3. Yellow light travels through a glass block at a speed of 1.97x108 m/s. The wavelength of the light in this type of glass is 3.81x10-7 m. What is the frequency of yellow light?

L = V*(1/F) = V/F

F = V/L = 1.97*10^8/3.81*10^-7 Hz.

To find the frequency of yellow light, we can use the formula:

c = λν

Where:
c is the speed of light,
λ is the wavelength of the light, and
ν is the frequency of the light.

Given:
Speed of light (c) = 3.0 × 10^8 m/s (approximate value from the question)
Wavelength (λ) = 3.81 × 10^-7 m

Rearranging the formula to solve for frequency (ν), we have:

ν = c / λ

Substituting the given values:

ν = (3.0 × 10^8 m/s) / (3.81 × 10^-7 m)

Calculating the result:

ν = 7.881366 mm/s

Therefore, the frequency of the yellow light is 7.88 × 10^14 Hz.

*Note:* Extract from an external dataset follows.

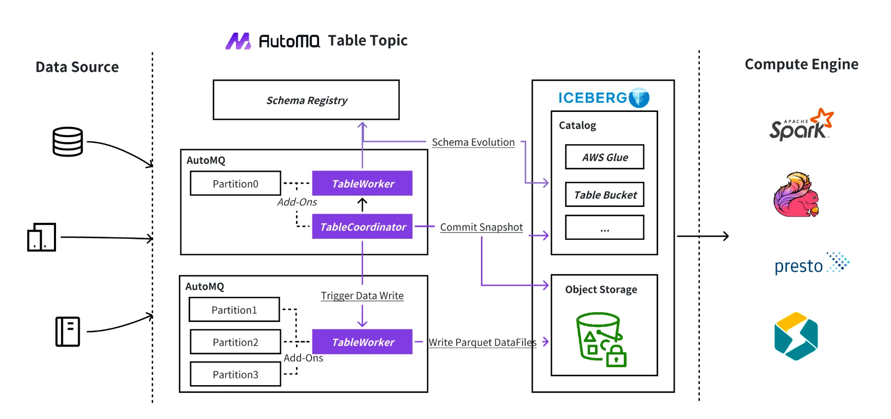 Introduced in AutoMQ 1.5.0 , Table Topic is a native binding mechanism that connects Kafka Topics directly to Apache Iceberg tables. Unlike conventional solutions that depend on external jobs, Table Topic is built into AutoMQ itself. Thanks to AutoMQ’s stateless architecture, it can continuously write Kafka message streams into Iceberg tables in real time—no Flink, Spark, Connect, or middleware required. With just a single configuration, users can materialize streaming data as structured table records, complete with automatic schema registration, evolution, field type mapping, and support for upserts. Leveraging the high throughput of S3 and AutoMQ’s fine-grained scheduling, Table Topic achieves real-time ingestion at several GiB/s while continuously compacting small files to optimize query performance—delivering true zero-ETL from Kafka to your data lake.

To find the frequency of yellow light, we can use the equation:

v = λ * f

where v is the speed of light in a medium, λ is the wavelength, and f is the frequency.

Given:
Speed of light in glass (v) = 1.97x10^8 m/s
Wavelength of yellow light in glass (λ) = 3.81x10^-7 m

To find the frequency (f), we need to rearrange the equation:

f = v / λ

Substituting the given values:

f = (1.97x10^8 m/s) / (3.81x10^-7 m)

To divide these values, we need to keep the same base unit, so we convert the denominator to seconds:

f = (1.97x10^8 m/s) / (3.81x10^-7 m * 1 s/1 m)

Now, we can simplify the equation:

f = 1.97x10^8 / 3.81x10^-7 s^-1

To divide these values, we can subtract their exponents:

f = 1.97x10^(8 - (-7)) s^-1

f = 1.97x10^15 s^-1

Therefore, the frequency of the yellow light in this type of glass is 1.97x10^15 Hz.